In some relationships, one partner taking leave from their job to look after a baby while the other returns to work can bring about resentment. It can be difficult to adjust to life as a stay-at-home parent, and to feel like you’ve completely lost your independence. Partners who return to work might struggle with being away from the child or feel side-lined.

Jennie Miller said: “Often couples get into a competition over who works the hardest or who’s more tired, but you’re both in the same boat and should work together.” 

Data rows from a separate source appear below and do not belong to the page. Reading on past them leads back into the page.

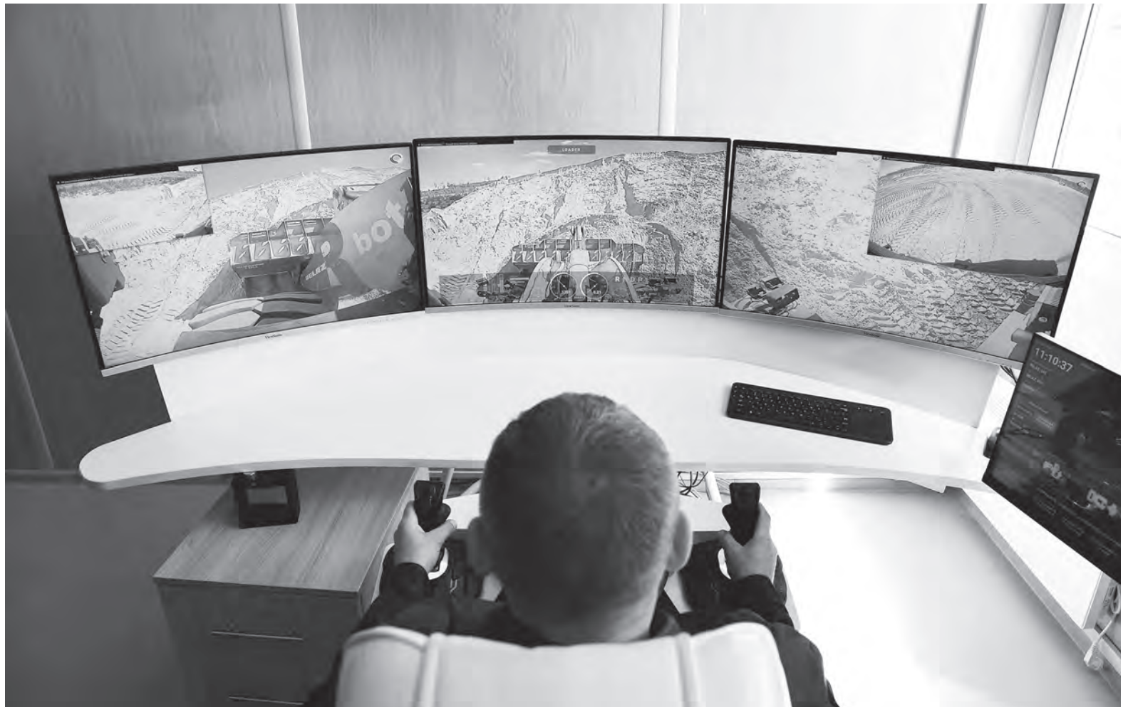
Оператор, управляющий беспилотным БелАЗом, на месторождении «Ситницкое» РУПП «Гранит».
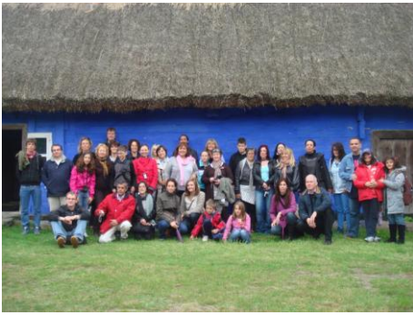
υπαίθριο εθνογραφικό μουσείο του Maurzyce
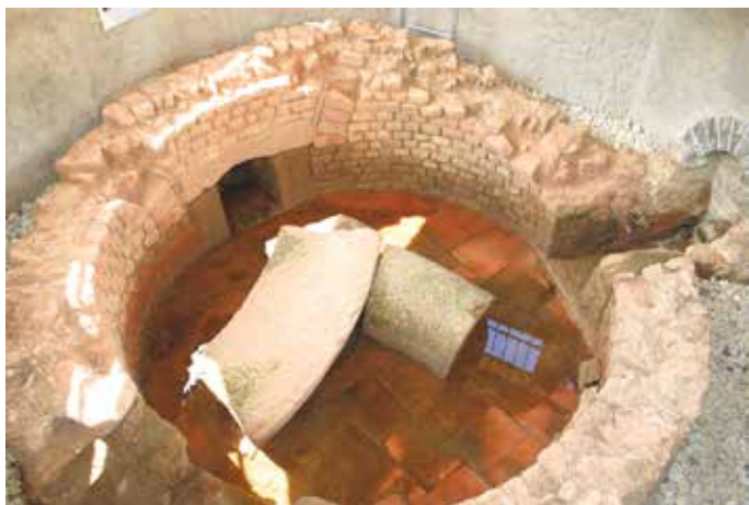
Der Klausbrunnen war bei einem Wasserereignis im Februar 2020 noch einmal „in Betrieb“.

Vortrag über „Techniken der Wassergewinnung in römischer Zeit“. Einen Fokus legt er dabei auf den Klausbrunnen in Kallmuth als „ergiebige Brunnenstube zur Versorgung der „Colonia Claudia Ara Agrippinensium““, denn diese ist ein besonders schön rekonstruiertes Beispiel für eine römische Quellfassung.
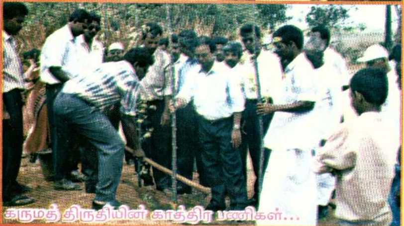
கருமத் திருதியின் காத்திர பணிகள்...
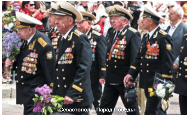
Севастополь. Парад Победы
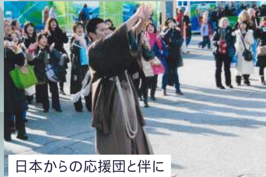
日本からの応援団と共に

It may help to talk to your partner about each other’s daily experience to fully understand what difficulties you’re facing. Recognise how hard you’re both working and that both roles are equally valuable to your family.

Alone time

When you’re focusing all of your attention on your baby, it’s likely you’ll miss having time to yourself. Over a quarter (25.6%) of people Health & Aesthetics surveyed cited the lack of ‘alone time’ as the most notable change to their relationship post-childbirth.

In this scenario, it’s easy for heated disagreements to arise, as you or your partner feel more and more irritable. The Health & Aesthetics survey found almost one in ten (9.8%) people felt becoming parents had harmed the communication in their relationship, while 15% said it had led to a greater number of arguments.

Don’t let the issues escalate—you’ll be able to take much better care of your relationship and child when you feel revitalised. Accept somebody’s offer to babysit, or take it in turns over the weekend to give each other a break, so you can recharge your batteries and relax.

However, if the conflict continues to grow because you’ve been unable to resolve your arguments, you may need to seek professional advice from a couples counsellor to help restore your closeness as a couple.

Although welcoming a new addition to your family is a wonderful experience, you must be realistic about the inevitable changes it will bring. Raising a child is hard work, but with communication and support, together you’ll be able to face any challenge thrown at you, and get your relationship back on track.